## What you are asked to do
Return the listing verbatim, images left out.

## Collected data
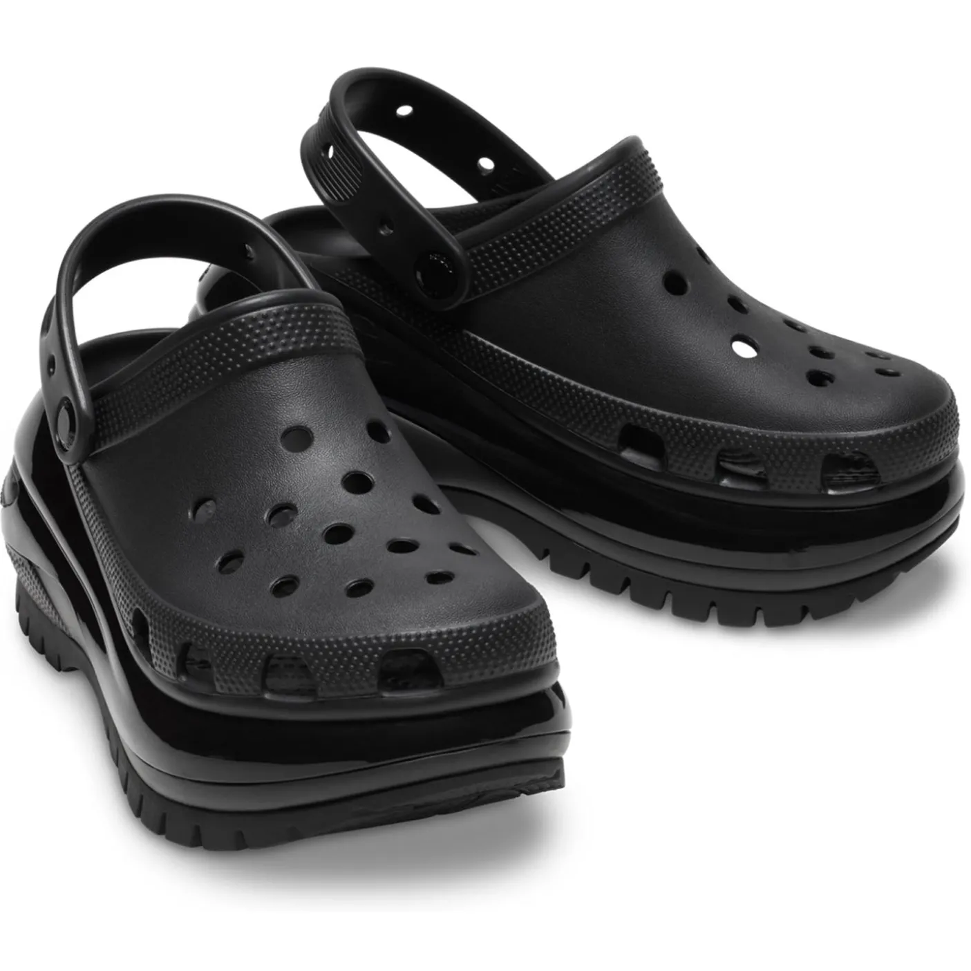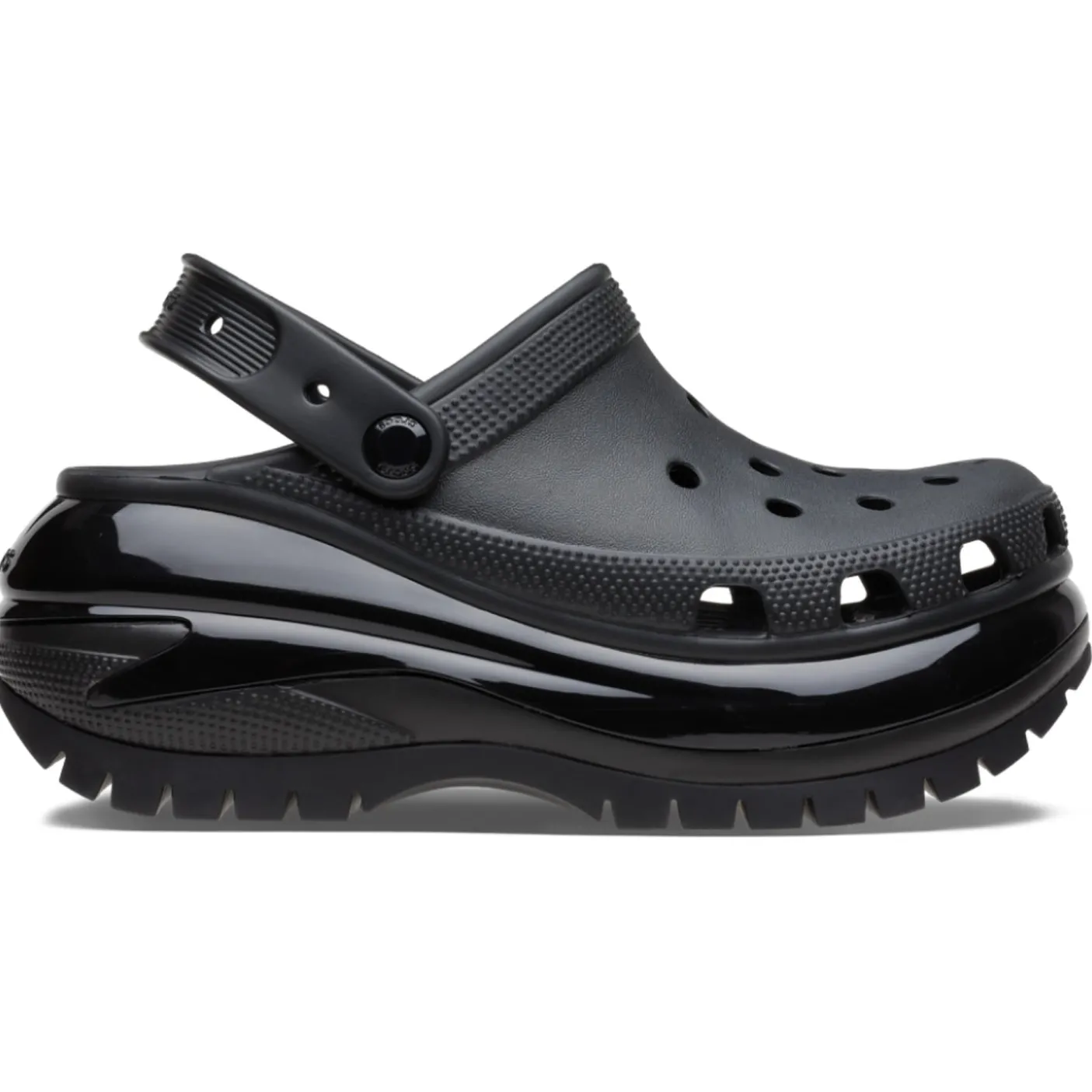 Our legendary Classic Clog. Now MEGA with bold styling and added height Croslite material midsole for lightweight cushioning. Heel strap for a secure fit. Non-marking Croslite material outsole. Dual Crocs comfort. Accepts Jibbitz.
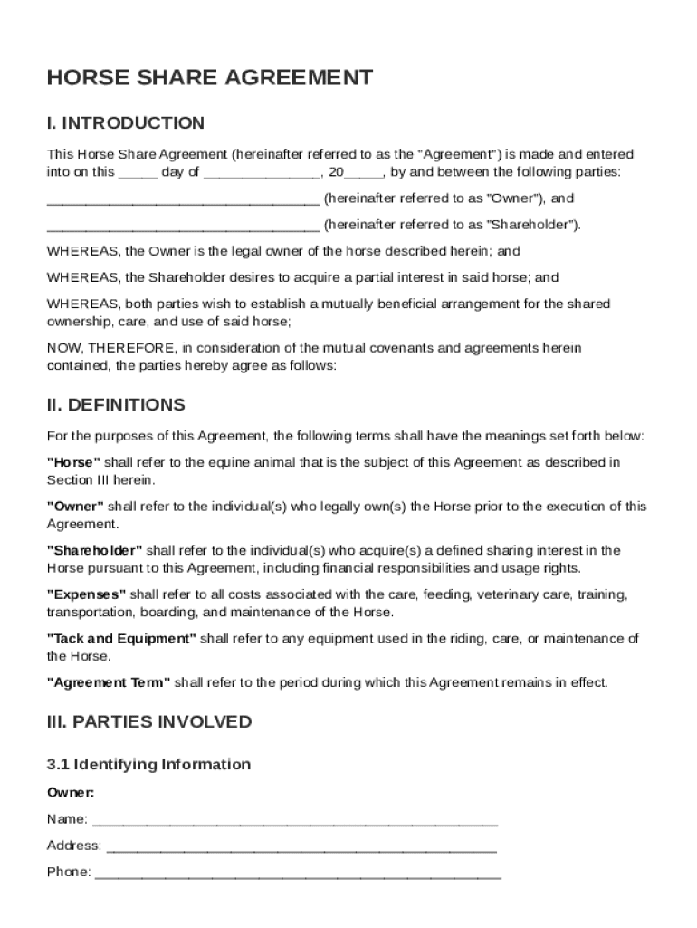 This document outlines the terms of a Horse Share Agreement between an Owner and a Shareholder, detailing the responsibilities, rights, financial arrangements, and care of the horse shared between
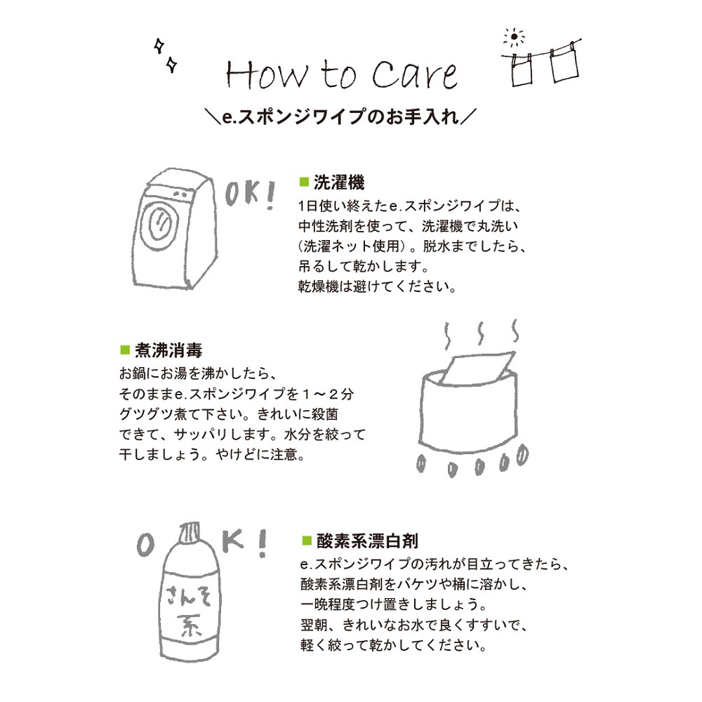 1日使ったあとは、洗濯ネットに入れて洗濯機で洗って乾かしてください。乾燥機はおやめください。週に1度、酸素系漂白剤でつけ置き洗いをして頂くと、長く清潔にお使いいただけます。(塩素系漂白剤は生地を傷めます)

## Problem solution
 Our legendary Classic Clog. Now MEGA with bold styling and added height Croslite material midsole for lightweight cushioning. Heel strap for a secure fit. Non-marking Croslite material outsole. Dual Crocs comfort. Accepts Jibbitz.
 This document outlines the terms of a Horse Share Agreement between an Owner and a Shareholder, detailing the responsibilities, rights, financial arrangements, and care of the horse shared between
 1日使ったあとは、洗濯ネットに入れて洗濯機で洗って乾かしてください。乾燥機はおやめください。週に1度、酸素系漂白剤でつけ置き洗いをして頂くと、長く清潔にお使いいただけます。(塩素系漂白剤は生地を傷めます)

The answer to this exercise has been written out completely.